Promising Prostate Cancer Treatment Should Be Considered Experimental
(PHILADELPHIA)— Despite the growing desire by radiation oncologist to use high-dose brachytherapy alone to treat prostate cancer, the treatment should be considered experimental at this point, say researchers at Thomas Jefferson University's Kimmel Cancer Center.
In the Volume 14, Issue 1 of the journal Expert Review of Anticancer Therapy, the scientists say that as promising as high-dose brachytherapy appears to be, there is not enough evidence yet to support its use as mono-therapy — a stand-alone treatment — for prostate cancer.
"We don't fully know how effective high-dose brachytherapy alone is, and we don't fully know the toxicity that is associated with its use," says the study's lead investigator, radiation oncologist Nicholas G. Zaorsky, MD.
High-dose brachytherapy is now only used as a "boost" to external beam radiation in treatment of prostate cancer — that is, high-dose rate brachytherapy is not used alone.
Low-dose brachytherapy is also a common treatment option for low- and intermediate-risk prostate cancer patients, but high-dose brachytherapy differs in significant ways, Dr. Zaorsky says.

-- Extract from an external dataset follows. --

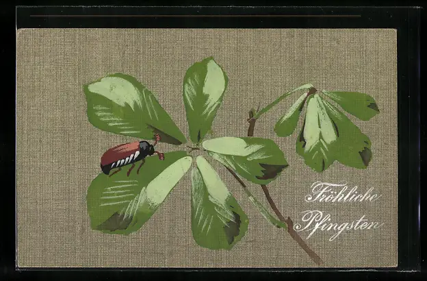Künstler-AK Handgemalt: Maikäfer mit Glückwunsch zu Pfingsten

During a high-dose brachytherapy procedure, a computer-guided system automatically deploys and retracts a single small radioactive source along the implant needle at specific positions in the prostate. This radioactive source stops for a certain amount of time at each position in the prostate. According to Dr. Zaorsky, the accurate, high dose of radiation delivered from the radioactive source, is, in theory, very effective at killing prostate cancer cells, and has very little spill-over to nearby healthy tissues, which is associated with side-effects.
In high-dose rate brachytherapy "boost," external beam radiation therapy is used to deliver additional radiation. The external beam radiation is delivered to the prostate and surrounding tissues and lymph nodes, which may potentially harbor disease that has spread outside of the prostate. "However, if we are fairly certain that cancer is confined to the prostate, then the use of boost therapy may not be necessary — high-dose rate brachytherapy alone may be enough," says Dr. Zaorsky.
In comparison, in low-dose rate brachytherapy, radioactive seeds are permanently implanted into the prostate. While the use of low-dose rate brachytherapy seeds has been shown to be an effective treatment option for many prostate cancer patients, seeds do not deliver a high dose of radiation in a short period of time, and the dose may spill-over to healthy organs, which is associated with generally minor or moderate side effects that resolve over time, Dr. Zaorsky says.
"High-dose rate brachytherapy alone appears to be a very promising treatment for certain prostate cancer patients," says Adam Dicker, MD, PhD, Professor and Chairman of radiation oncology, Thomas Jefferson University Hospital.
"Still, only two prospective studies using high-dose brachytherapy alone have been published, and to date, we have little information about long term outcomes or long-term toxicity," he says. "There could be recurrence of the cancer or cancer spread over time, or complications such as progressive scarring of the urethra that occur years after therapy.
"There are many treatment options available for prostate cancer right now. High-dose brachytherapy alone is promising and in the coming years there will be more phase II and phase III studies that will clearly define for whom this treatment option could be used," says Dr. Zaorsky. "We just have to follow it longer."
Jefferson currently offers high dose-rate boost brachytherapy as part of its comprehensive prostate cancer service.
Researchers who participated in this study were Laura A. Doyle, MS; Mark D. Hurwitz, MD; Adam P. Dicker, MD; and Robert B. Den, MD.
This work supported in part by the Kimmel Cancer Center's NCI Cancer Center Support Grant P30 CA56036, as well as by Young Investigator Awards from the Prostate Cancer Foundation to Dr. Robert B. Den, the senior author of the study.
Dr. Zaorsky conducted this research while at the Kimmel Cancer Center. He is currently at the Fox Chase Cancer Center in Philadelphia.
The authors declare no conflicts of interest.